Open msdobrescu opened 5 years ago
It seems the uchardet has an improved detection, so it must be imported into this project.
Do you mean the Mozilla Universal Charset Detector.? Too bad this is a refactor of a port, reporting could be a lot of work
Possibly, but it's almost unusable in my case. And there is no port of uchardet, which is now freedesktop's. Look here: https://gitlab.freedesktop.org/uchardet/uchardet. Worth adding more to it, too bad it is a bit too hardcoded.

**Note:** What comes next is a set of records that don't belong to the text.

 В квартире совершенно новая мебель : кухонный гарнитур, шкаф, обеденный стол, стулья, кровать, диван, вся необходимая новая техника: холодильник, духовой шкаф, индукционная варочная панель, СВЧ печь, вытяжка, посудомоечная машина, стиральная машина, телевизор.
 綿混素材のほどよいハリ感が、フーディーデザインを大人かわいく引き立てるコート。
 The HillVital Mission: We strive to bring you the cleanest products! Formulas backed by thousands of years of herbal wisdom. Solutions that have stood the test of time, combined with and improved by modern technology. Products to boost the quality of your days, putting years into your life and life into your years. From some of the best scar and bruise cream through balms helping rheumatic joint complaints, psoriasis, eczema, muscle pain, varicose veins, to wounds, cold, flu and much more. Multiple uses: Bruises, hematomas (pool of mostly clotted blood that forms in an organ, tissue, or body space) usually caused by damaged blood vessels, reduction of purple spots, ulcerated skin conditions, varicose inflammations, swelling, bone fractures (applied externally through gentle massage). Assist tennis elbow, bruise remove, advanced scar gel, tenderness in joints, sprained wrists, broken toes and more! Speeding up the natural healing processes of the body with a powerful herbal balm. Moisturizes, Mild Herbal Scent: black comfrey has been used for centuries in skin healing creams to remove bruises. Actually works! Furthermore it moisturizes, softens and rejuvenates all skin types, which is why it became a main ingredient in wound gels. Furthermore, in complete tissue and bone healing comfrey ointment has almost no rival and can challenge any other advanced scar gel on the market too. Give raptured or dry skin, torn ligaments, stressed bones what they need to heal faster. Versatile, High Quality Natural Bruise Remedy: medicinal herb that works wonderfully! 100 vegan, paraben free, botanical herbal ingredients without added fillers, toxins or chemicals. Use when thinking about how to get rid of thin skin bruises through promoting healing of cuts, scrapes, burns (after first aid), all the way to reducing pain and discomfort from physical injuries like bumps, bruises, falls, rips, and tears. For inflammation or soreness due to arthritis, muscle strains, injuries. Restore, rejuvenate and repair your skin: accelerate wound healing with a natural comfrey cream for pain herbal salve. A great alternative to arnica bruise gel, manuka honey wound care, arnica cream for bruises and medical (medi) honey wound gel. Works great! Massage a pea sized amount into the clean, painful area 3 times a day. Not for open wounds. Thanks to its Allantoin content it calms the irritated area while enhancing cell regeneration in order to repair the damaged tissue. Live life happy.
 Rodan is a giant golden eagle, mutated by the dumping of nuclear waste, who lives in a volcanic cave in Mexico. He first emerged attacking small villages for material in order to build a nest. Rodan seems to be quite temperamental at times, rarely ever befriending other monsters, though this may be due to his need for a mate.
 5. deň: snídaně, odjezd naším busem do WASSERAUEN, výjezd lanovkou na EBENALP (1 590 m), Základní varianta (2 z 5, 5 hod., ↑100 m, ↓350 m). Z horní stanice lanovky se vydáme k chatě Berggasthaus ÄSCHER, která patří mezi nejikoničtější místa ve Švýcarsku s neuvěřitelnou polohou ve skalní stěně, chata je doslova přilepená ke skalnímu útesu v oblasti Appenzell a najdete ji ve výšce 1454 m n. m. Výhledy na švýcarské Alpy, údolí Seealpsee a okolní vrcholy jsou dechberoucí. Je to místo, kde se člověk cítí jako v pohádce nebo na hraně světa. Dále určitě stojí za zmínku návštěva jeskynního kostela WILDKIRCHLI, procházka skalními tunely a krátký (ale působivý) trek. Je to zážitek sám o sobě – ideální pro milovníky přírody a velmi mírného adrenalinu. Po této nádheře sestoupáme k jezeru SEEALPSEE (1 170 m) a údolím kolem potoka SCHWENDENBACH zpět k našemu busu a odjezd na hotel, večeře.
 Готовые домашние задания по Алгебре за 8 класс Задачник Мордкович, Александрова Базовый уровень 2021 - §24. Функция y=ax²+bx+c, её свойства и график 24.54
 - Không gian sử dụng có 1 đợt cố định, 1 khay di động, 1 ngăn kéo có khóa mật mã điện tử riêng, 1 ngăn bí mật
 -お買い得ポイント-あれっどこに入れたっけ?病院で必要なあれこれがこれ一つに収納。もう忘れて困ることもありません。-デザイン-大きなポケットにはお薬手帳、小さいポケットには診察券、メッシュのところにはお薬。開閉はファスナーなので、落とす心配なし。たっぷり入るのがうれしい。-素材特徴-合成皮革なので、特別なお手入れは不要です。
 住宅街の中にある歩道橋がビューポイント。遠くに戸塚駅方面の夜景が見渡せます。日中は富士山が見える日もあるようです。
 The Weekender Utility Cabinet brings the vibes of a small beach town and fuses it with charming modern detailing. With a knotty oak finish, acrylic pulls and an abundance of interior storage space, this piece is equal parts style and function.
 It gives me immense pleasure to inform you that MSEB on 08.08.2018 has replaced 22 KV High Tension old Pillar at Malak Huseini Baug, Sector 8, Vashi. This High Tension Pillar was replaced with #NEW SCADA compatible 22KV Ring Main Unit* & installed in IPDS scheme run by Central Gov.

Would you accept some new languages ported from the uchardet project?
Now, v2.3.0
Detected encoding iso-8859-1 with confidence 0.47388184.
From Status Log:
SBCS 0.47388184: [iso-8859-1] SBCS: 0.4738818 [iso-8859-1]
SBCS 0.47388184: [iso-8859-4] SBCS: 0.4738818 [iso-8859-4]
SBCS 0.47388184: [iso-8859-9] SBCS: 0.4738818 [iso-8859-9]
SBCS 0.47388184: [iso-8859-13] SBCS: 0.4738818 [iso-8859-13]
SBCS 0.47388184: [iso-8859-15] SBCS: 0.4738818 [iso-8859-15]
SBCS 0.47388184: [windows-1252] SBCS: 0.4738818 [windows-1252]
This is consistent with the Finnish model: https://github.com/CharsetDetector/UTF-unknown/blob/d52af8ddb903a4b72d18a564473069e323818b82/src/Core/Probers/SBCSGroupProber.cs#L197-L203
Now the problem is the same as in #77
Hello, I try to identify the encoding of a file that should be windows-1252, but it finds a better match for windows-1255. my.txt It contains, for instance, C5, which is Å, but the file is identified as windows-1255, which does not contain it at all.